*** Opening of SUPPLIED INFORMATION ***
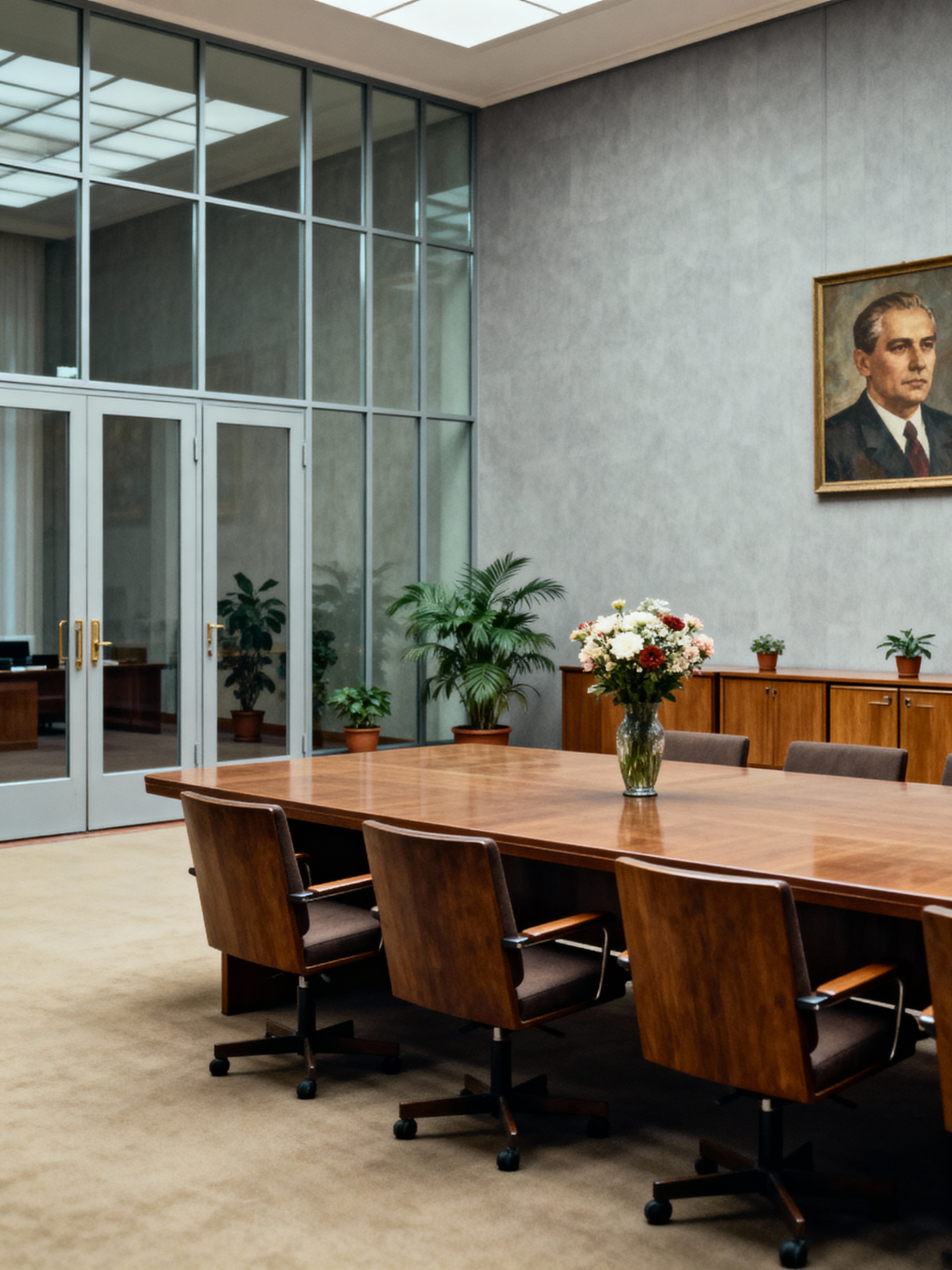 meeting room with soviet style with vase and cabinets and boardroom table and glass doors and plant and painting or photo on wall and office chairs and glass walls. . with eastern bloc and soviet-era architecture and socialist realism and functional furniture and monumental scale and communist design and institutional look and austere aesthetic
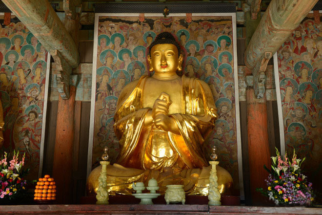 대적광전은 지혜의 빛으로 세상을 비춘다는 비로자나불을 모셔 놓은 법당이다.
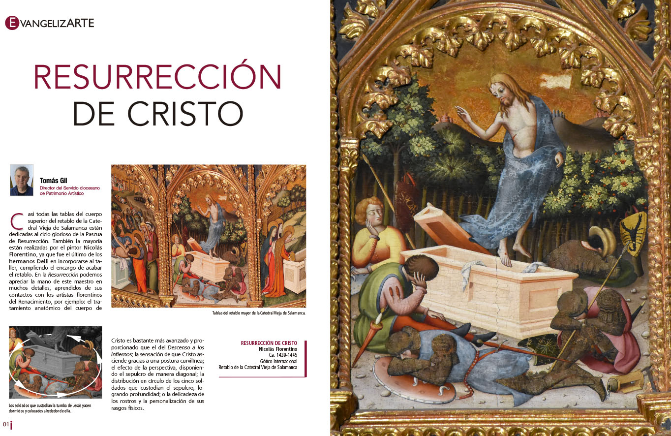 Casi todas las tablas del cuerpo superior del retablo de la Catedral Vieja de Salamanca están dedicadas al ciclo glorioso de la Pascua de Resurrección. También la mayoría están realizadas por el pintor Nicolás Florentino, ya que fue el último de los hermanos Delli en incorporarse al taller, cumpliendo el encargo de acabar el retablo. En la Resurrección podemos apreciar la mano de este maestro en muchos detalles, aprendidos de sus contactos con los artistas florentinos del Renacimiento, por ejemplo: el tratamiento anatómico del cuerpo de Cristo es bastante más avanzado y proporcionado que el del Descenso a los infiernos; la sensación de que Cristo asciende gracias a una postura curvilínea; el efecto de la perspectiva, disponiendo el sepulcro de manera diagonal; la distribución en círculo de los cinco soldados que custodian el sepulcro, logrando profundidad; o la delicadeza de los rostros y la personalización de sus rasgos físicos.
*** Close of SUPPLIED INFORMATION ***
WHAT THE TASK REQUIRES:
Repeat the listing above exactly, omitting the pictures it contains.

SOLUTION TO THIS PROBLEM:
 meeting room with soviet style with vase and cabinets and boardroom table and glass doors and plant and painting or photo on wall and office chairs and glass walls. . with eastern bloc and soviet-era architecture and socialist realism and functional furniture and monumental scale and communist design and institutional look and austere aesthetic
 대적광전은 지혜의 빛으로 세상을 비춘다는 비로자나불을 모셔 놓은 법당이다.
 Casi todas las tablas del cuerpo superior del retablo de la Catedral Vieja de Salamanca están dedicadas al ciclo glorioso de la Pascua de Resurrección. También la mayoría están realizadas por el pintor Nicolás Florentino, ya que fue el último de los hermanos Delli en incorporarse al taller, cumpliendo el encargo de acabar el retablo. En la Resurrección podemos apreciar la mano de este maestro en muchos detalles, aprendidos de sus contactos con los artistas florentinos del Renacimiento, por ejemplo: el tratamiento anatómico del cuerpo de Cristo es bastante más avanzado y proporcionado que el del Descenso a los infiernos; la sensación de que Cristo asciende gracias a una postura curvilínea; el efecto de la perspectiva, disponiendo el sepulcro de manera diagonal; la distribución en círculo de los cinco soldados que custodian el sepulcro, logrando profundidad; o la delicadeza de los rostros y la personalización de sus rasgos físicos.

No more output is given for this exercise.